Trying an Open-source Multimodal LLM: My Disappointing Experience

Trying an Open-source Multimodal LLM: My Disappointing Experience

Computer scientists from various universities recently launched LLaVA, an open-source multimodal LLM, which I came across on Twitter last week. Similar to GPT-4, LLaVA handles both text and image inputs. It combines a general-purpose LLM with an image encoder to create a Large Language and Vision Assistant model. Intrigued by its touted features, I decided to test LLaVA to gauge its accuracy and reliability, particularly in comparison to GPT-4’s upcoming multimodal model. Let’s delve into my experience with LLaVA.

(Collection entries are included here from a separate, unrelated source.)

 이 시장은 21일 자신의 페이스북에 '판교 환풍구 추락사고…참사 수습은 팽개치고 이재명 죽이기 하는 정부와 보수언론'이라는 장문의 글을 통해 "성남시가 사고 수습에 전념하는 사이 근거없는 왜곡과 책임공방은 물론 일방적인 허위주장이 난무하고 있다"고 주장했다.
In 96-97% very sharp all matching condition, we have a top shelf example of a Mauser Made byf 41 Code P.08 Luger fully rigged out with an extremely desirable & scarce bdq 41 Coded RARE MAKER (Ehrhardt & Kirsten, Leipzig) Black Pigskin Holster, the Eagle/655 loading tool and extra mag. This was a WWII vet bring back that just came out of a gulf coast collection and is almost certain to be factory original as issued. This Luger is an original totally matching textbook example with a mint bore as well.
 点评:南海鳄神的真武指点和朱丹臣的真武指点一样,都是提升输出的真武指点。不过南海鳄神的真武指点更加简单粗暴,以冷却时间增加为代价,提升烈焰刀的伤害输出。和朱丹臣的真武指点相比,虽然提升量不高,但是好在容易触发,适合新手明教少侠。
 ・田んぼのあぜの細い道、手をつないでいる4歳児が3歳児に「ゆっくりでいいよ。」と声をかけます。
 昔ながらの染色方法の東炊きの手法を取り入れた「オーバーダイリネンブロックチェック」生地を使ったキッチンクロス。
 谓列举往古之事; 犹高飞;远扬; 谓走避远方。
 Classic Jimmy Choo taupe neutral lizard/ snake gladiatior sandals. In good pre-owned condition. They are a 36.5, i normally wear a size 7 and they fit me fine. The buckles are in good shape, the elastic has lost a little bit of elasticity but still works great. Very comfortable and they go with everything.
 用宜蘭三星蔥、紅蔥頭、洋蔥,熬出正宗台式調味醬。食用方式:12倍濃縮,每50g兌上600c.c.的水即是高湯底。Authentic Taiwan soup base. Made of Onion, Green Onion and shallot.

Understanding LLaVA: A Multimodal Language Model

LLaVA, a multimodal LLM akin to OpenAI’s GPT-4, integrates text and image processing. Unlike GPT-4, LLaVA possesses image processing capabilities thanks to a vision encoder infusion.

Engineered by computer scientists from the University of Wisconsin-Madison, Microsoft Research, and Columbia University, this project showcases the functionality of a multimodal model and evaluates its performance against GPT-4.

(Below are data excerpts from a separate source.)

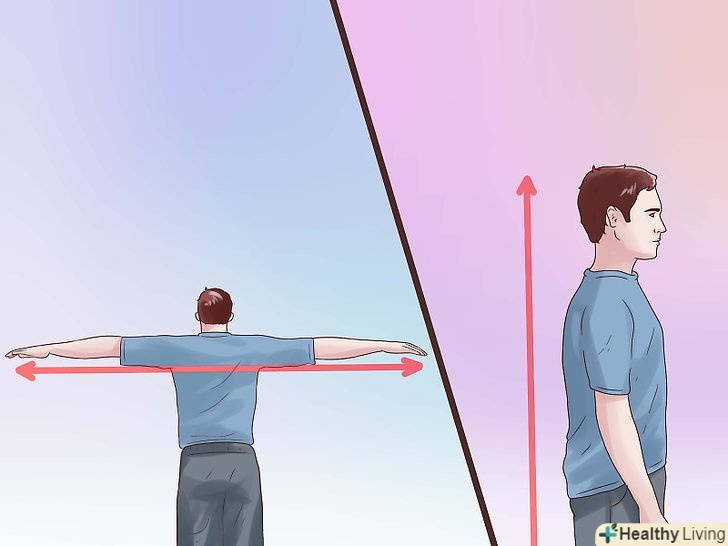 - Виміряйте розмах ваших рук (від кінчиків пальців однієї руки до кінчиків пальців іншої) і відніміть ваш зріст. Якщо ви отримали позитивне число (ваш розмах рук більше, ніж ваш зріст), то вибирати вам треба найбільший розмір; якщо ви отримали негативне число (ваш зріст більше, ніж розмах рук), то з двох розмірів вам треба вибирати найменший. [5]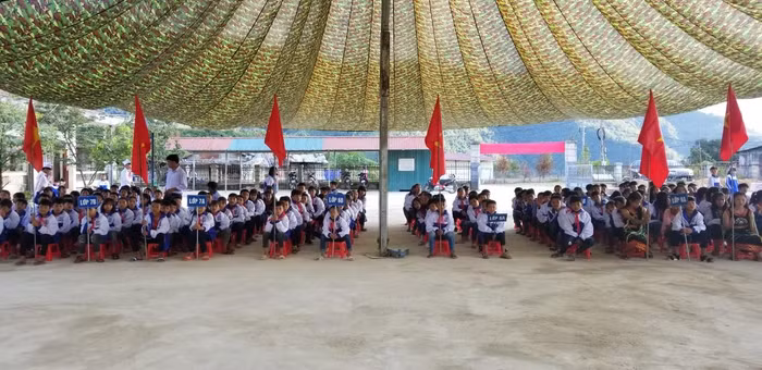 Buổi lễ khai giảng diễn ra tại ngôi trường có vị trí rất đặc biệt, trường nằm trên đỉnh núi, cách biên giới Việt - Trung chỉ vài bước chân.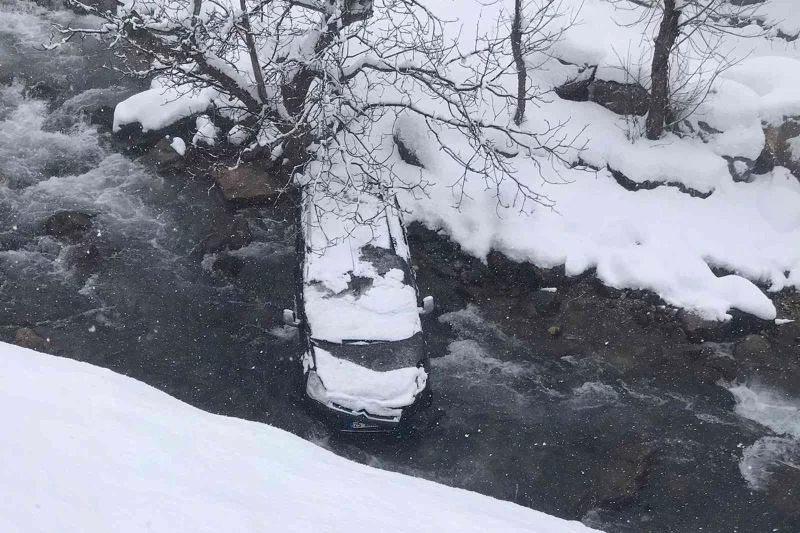 Çatak’ta karlı yolda kayan kamyonet dereye uçtu: 2 yaralı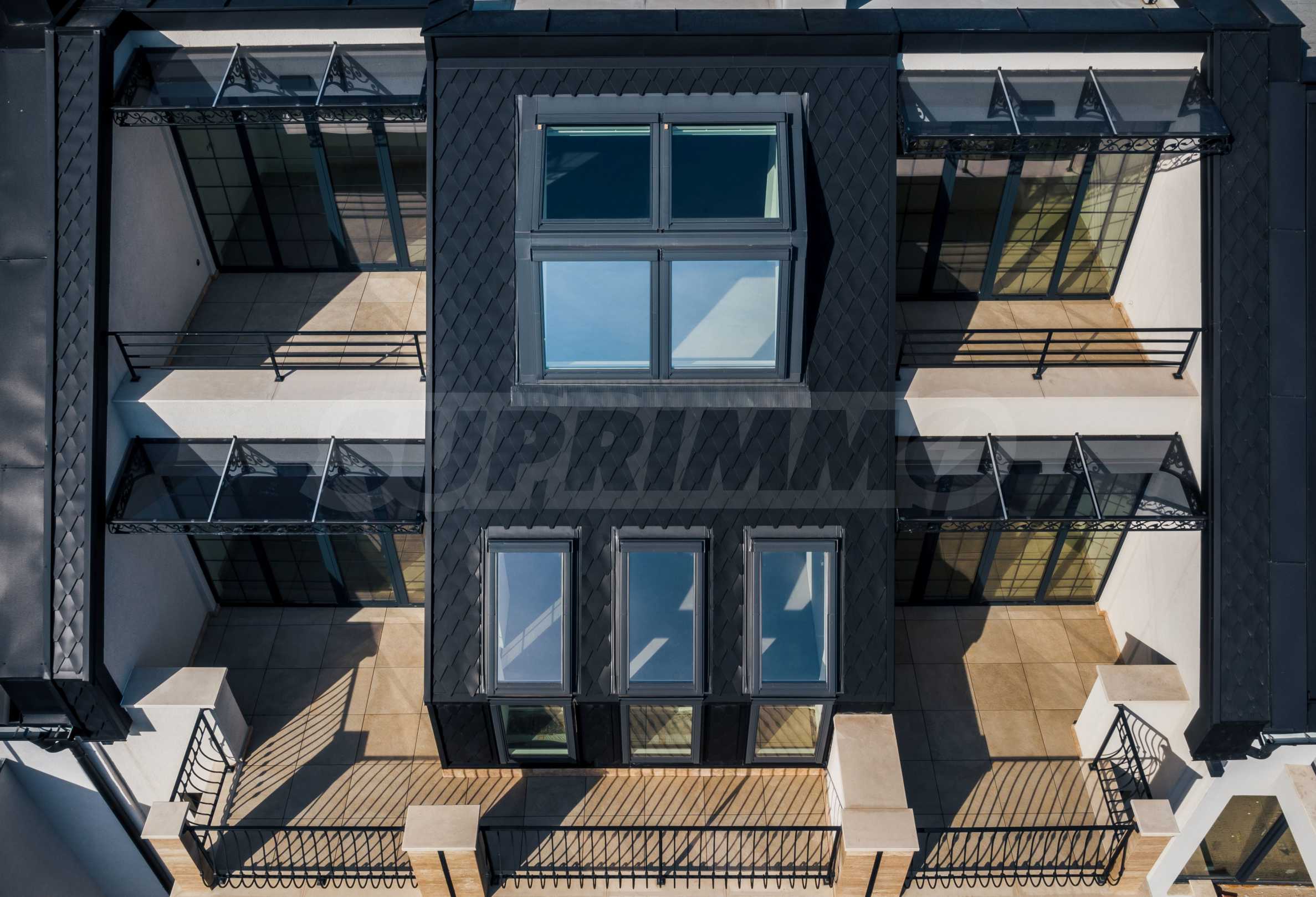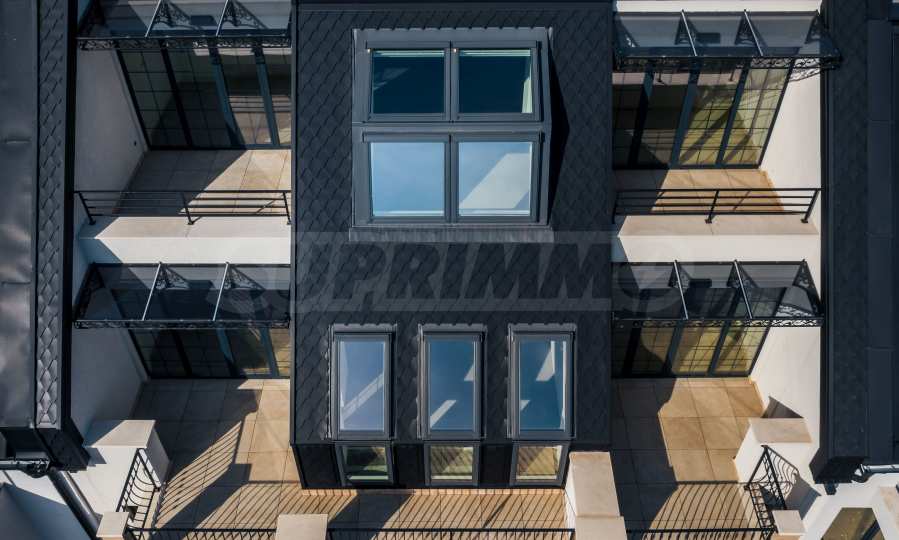 Zaprojektowany w klasycznej architekturze i nowoczesnym wyglądzie, budynek znajduje się pomiędzy dwoma fałami, rozmieszczonymi na pięciu piętrach z dwoma poddaszami i jednym podziemnym, w których znajduje się łącznie trzynaście mieszkań. Do wyboru są apartamenty z dwiema i trzema sypialniami oraz nieruchomości z jedną sypialnią, które umożliwiają łączenie. W piwnicy znajdują się pomieszczenia magazynowe. Parking zapewnia 5 miejsc postojowych i 2 komórki garażowe w poziomie podziemnym oraz 3 komórki garażowe i 3 miejsca parkingowe naziemne na piętrze. Komunikacja pionowa składa się z windy i klatki schodowej obsługującej wszystkie poziomy. Główne elewacje budynku wykończone są wysokiej jakości materiałami z różną fakturą powierzchni z trawertynu oraz kutymi balustradami z naturalną patyną.

Vicuna serves as the large language model (LLM), while CLIP ViT-L/14 functions as the visual encoder, developed by OpenAI. The project has produced high-quality multimodal instruction-following data with GPT-4, resulting in excellent performance, achieving 92.53% in the ScienceQA benchmark.

Additionally, it’s fine-tuned for general-purpose visual chat and reasoning datasets, particularly from the science domain. Overall, LLaVA represents the beginning of a new multimodal reality, and I was excited to test it.

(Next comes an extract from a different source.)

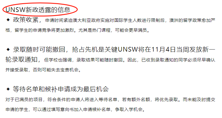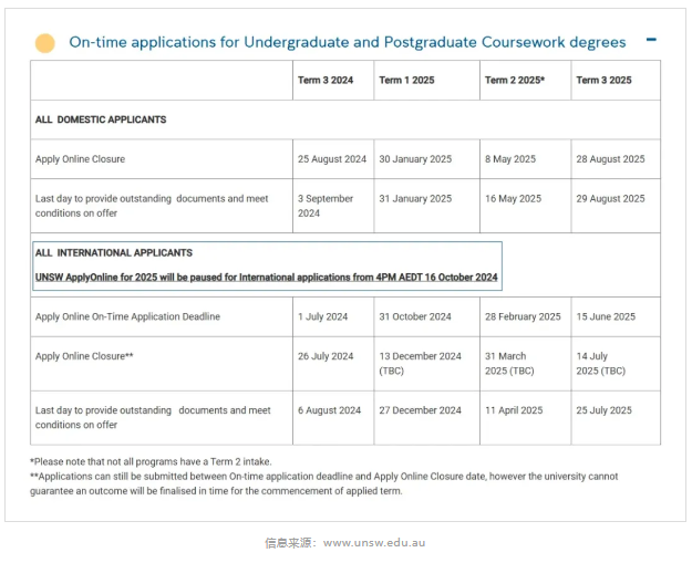 近日,澳大利亚政府宣布了一项新的留学生招生政策,决定从2025年起实行“国家招生上限”。受此影响,各大澳洲大学相继调整了自己的申请政策。 新南威尔士大学「 The University of New South Wales 」 新南威尔士大学(UNSW)于2024年10月8日发布重要公告,宣布2025年的入学申请将于2024年10月16日下午4点起暂停。 随着时间的推移,UNSW这所名校的国际学生录取政策已经逐渐收紧。此次暂停申请将影响所有国际学生,唯有那些已经在UNSW攻读本科并计划直接升读硕士的学生不受影响。 此消息一出,立即引起了广泛关注,特别是那些计划申请澳洲留学的学生。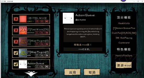 MOD:地图插件(不是地图全开)、行为排队论、状态常显、四格背包、七彩萤火虫、食物属性、智能烹饪锅

Using LLaVA’s Vision Assistant

1. To utilize LLaVA, visit and explore the demo, powered by the LLaVA-13B-v1 model.

2. Add an image in the top-left corner and select “Crop“. Ensure square images for the best output.

3. Now, add your question at the bottom and hit “Submit”. The LLM will then study the image and explain everything. You can also ask follow-up questions about the image.

Trying an Open-source Multimodal LLM: My Disappointing Experience

Multimodal LLM with Visual Capabilities: First Impressions

To check LLaVA’s vision capability, we started with basic examples. We uploaded a painting and asked LLaVA to identify the painting; it correctly answered. I also asked follow-up questions, and it did well.

For instance, I uploaded an image of food items and posed questions about breakfast options and the total calorie intake. It correctly identified each item, provided food recipes, and estimated the calorie count. Although the recipes lacked detail, the multimodal LLM suggested incorporating the three food items into a dish or meal.

Subsequently, I included an image with a handwritten note requesting a Python script for the Bubble sort algorithm. However, it failed to recognize the text on paper and couldn’t execute the code. Thus, I presented a simple mathematical question asking for the value of x, yet it still provided an incorrect answer.

To delve deeper, I added another mathematical question, yet it wasn’t handwritten for clarity. It seems my handwriting wasn’t the issue; rather, the AI simply generated an incorrect equation. It appears it doesn’t utilize OCR, instead analyzing pixels and comparing them with ImageNet models from CLIP. In tackling math problems, whether handwritten or typed, the LLaVA model struggled.

Continuing, I requested an explanation for a New Yorker cartoon’s humor, but it failed to grasp the comedic element, merely describing the scene. It only comprehended the assignment when I highlighted the gender aspect, resulting in a correct response.

Finally, I tasked LLaVA with analyzing a medical report, yet it consistently misinterpreted and provided inaccurate summaries. Despite multiple attempts, it failed to extract relevant data from the uploaded image.

The Need for Improvement in LLaVA

In summary, it is premature, particularly in the realm of open-source, to develop a proficient multimodal LLM. Without a robust foundational language-visual model, the open-source community may lag behind proprietary alternatives. While Meta has released several open-source models, it has not provided any visual models for community development, excluding Segment Anything, which is irrelevant in this context.

Google released PaLM-E, an embodied multimodal language model in March 2023, while OpenAI demonstrated GPT-4’s multimodal capabilities during the launch. When asked about an image where a VGA connector is plugged into a phone’s charging port, GPT-4 highlighted the absurdity with clinical precision. In another demonstration during the GPT-4 developer stream, OpenAI’s multimodal model swiftly created a fully-functional website after analyzing a handwritten note.

Simply put, based on our tests on LLaVA, it will take much longer for Google to catch up with OpenAI in the language-visual space. With further progress, development, and innovation, improvements are expected. However, currently, we are eagerly awaiting the opportunity to test GPT-4’s multimodal capabilities.